If you pony is eligible (and someone can usually look them up in the online studbook and give you the pedigree so you can determine that) then you submit the $10 fee, the horses papers, and a customer work order to the ASPC and have the pony certified.


----------



## Farmhand (Jan 7, 2008)

See, I told you



OH!


----------



## Stephanie (Jan 7, 2008)

Thank you so much for your help. The colt's dam is foundation registered and there are 5 generations on the sire's side that are A papered sires, so I guess I just send in my money with a work order. I didn't think of looking at a work order.

Does anyone know how to get in touch with Yvonne Johnson. I bought a mare from her and would like to talk to her about the foal. She's not listed on the AMHR membership site.


----------



## Lewella (Jan 7, 2008)

Was curious so had to go check out your website and I see you have a H.P. Joan's Delusion, Lefty son! There is a Lefty daughter bred to my Modern stallion Willowlawn's Mr. Unique for next year. She and another Lefty daughter belong to my friend Tina Rosvold. In fact, I think one of her mares is a full sister to your stallion. Her website is http://www.rosvoldfarms.com

Lefty passed away a couple of years ago. He was owned by Harold and Gloria Maus of Osakis, MN. Wonderful older couple who love to drive their ponies in parades.


----------



## Stephanie (Jan 7, 2008)

Lewella, thanks so much for the information. You are absolutely correct she has a full sister to my stallion.

The colt I was talking about is pictured below.

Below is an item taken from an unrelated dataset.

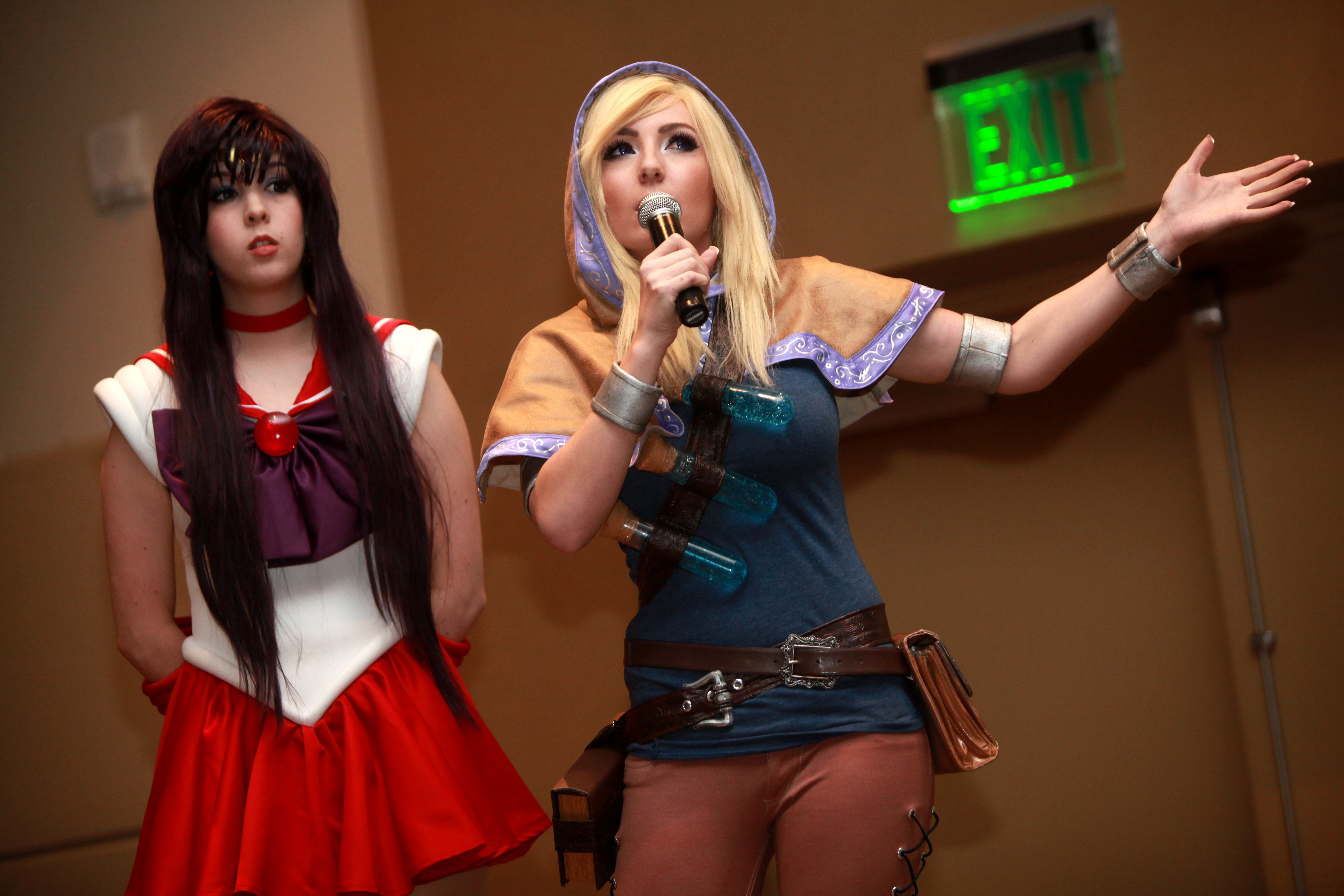 Jessica Nigri and Monika Lee at the 2014 Amazing Arizona Comic Con's Costume Contest at the Phoenix Convention Center in Phoenix, Arizona.

He's much nicer looking than in the picture.


----------



## Lewella (Jan 8, 2008)

Oh he's cute!



What's his breeding?


----------



## Stephanie (Jan 8, 2008)

ASPC - 157234A HORSE SONG JERICHO

Sex: STALLION	Color: BLACK PINTO

Height: Mane & Tail: MIXED

Date Foaled: 05/18/2007	Markings (1): STAR & STRIP;

Date Registered: 09/26/2007	Markings (2): BOTH FRONT & RIGHT REAR STOCKINGS,

Current Owner: STEPHANIE RIEDEL	Markings (3): LEFT REAR WHITE LEG;

Breeder: YVONNE JOHNSON	Markings (4):

136374A WA-FULL JIM'S SPARROW

140802A WA-FULL CRESCENT S THUNDER ROLLS

133833A WA-FULL PRINCE FEATHER BABE

143994A BAR-N TOPPER'S SPIRIT

128818A KEWPIE'S TOPPER OF ARENOSA

139322A KEWPIE'S GALENA OF ARENOSA

132389A KEWPIE'S GABRIELLA OF ARENOSA

131996A LEE-LAND CHILE

 140168A CHILE LEE

134929A RED ROCK SWEET LEE

144889A K'S TIARA DEW

137736A KING'S DICKY DOO VB

141313A DICKY'S SUGAR DEW VB

134934A RED ROCK KID'S SUGAR BABE


----------